• WHAT TO WORK ON:
Pictures are to be left out; every line from the one with "结合当前疫情形势和防控要求,资助管理中心" through the end of the data must be transcribed exactly.

• DATA:

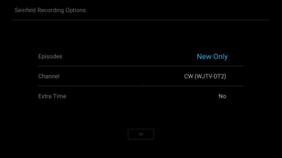 Recording Options. When selected, an additional menu appears in which the user can select to record New Only or New & Reruns. The user may also indicate the channels on which they would like to record the series and whether they would like to extend the recording on an ongoing basis.
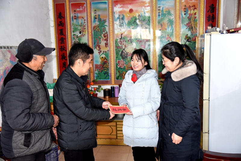 结合当前疫情形势和防控要求,资助管理中心制定了“线上走访为主,线下实地走访就近就便”的走访方案,仅针对徐州本地相关县市区进行线下走访。走访对象覆盖建档立卡家庭困难学生、低保家庭困难学生以及部分家庭经济特别困难学生。学校精心准备了春联、牛奶、坚果等慰问品,线下为6名家庭困难学生发放慰问金计3000元。通过线下和线上走访,把党和国家的温暖、学校的关怀,带给每一名学生。
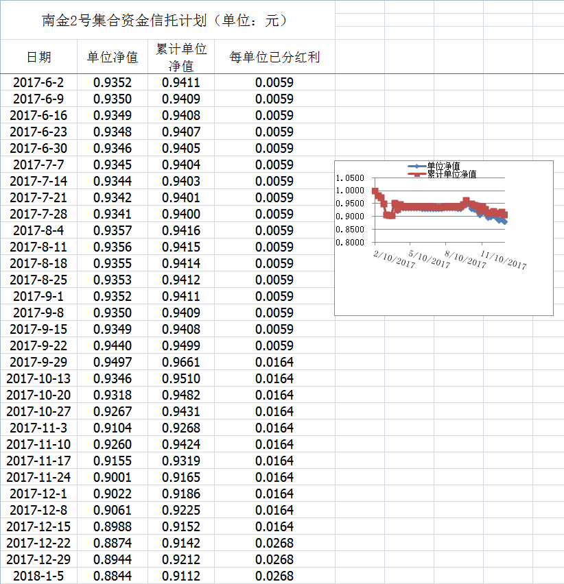 湖南信托-南金2号集合资金信托计划净值披露(2018年1月5日)
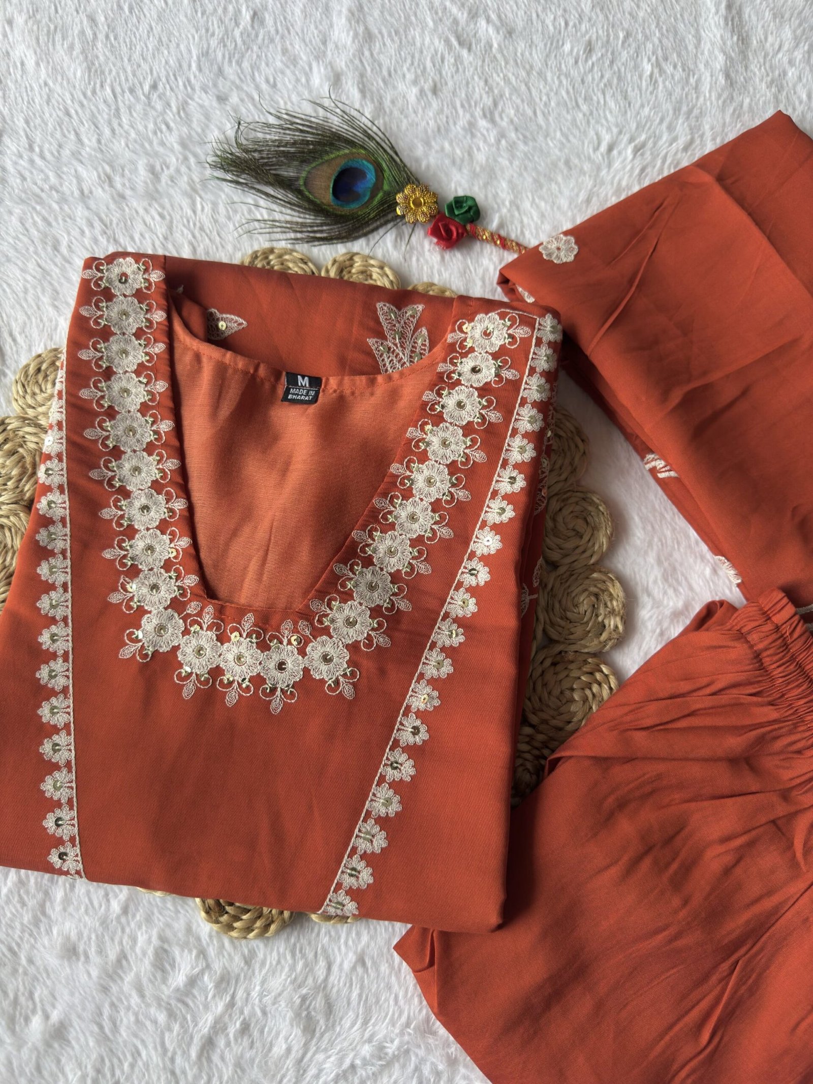 Premium Roman Silk Embroidered Kurti Set (Rust Color)

• SOLUTION TO THE EXERCISE:
 结合当前疫情形势和防控要求,资助管理中心制定了“线上走访为主,线下实地走访就近就便”的走访方案,仅针对徐州本地相关县市区进行线下走访。走访对象覆盖建档立卡家庭困难学生、低保家庭困难学生以及部分家庭经济特别困难学生。学校精心准备了春联、牛奶、坚果等慰问品,线下为6名家庭困难学生发放慰问金计3000元。通过线下和线上走访,把党和国家的温暖、学校的关怀,带给每一名学生。
 湖南信托-南金2号集合资金信托计划净值披露(2018年1月5日)
 Premium Roman Silk Embroidered Kurti Set (Rust Color)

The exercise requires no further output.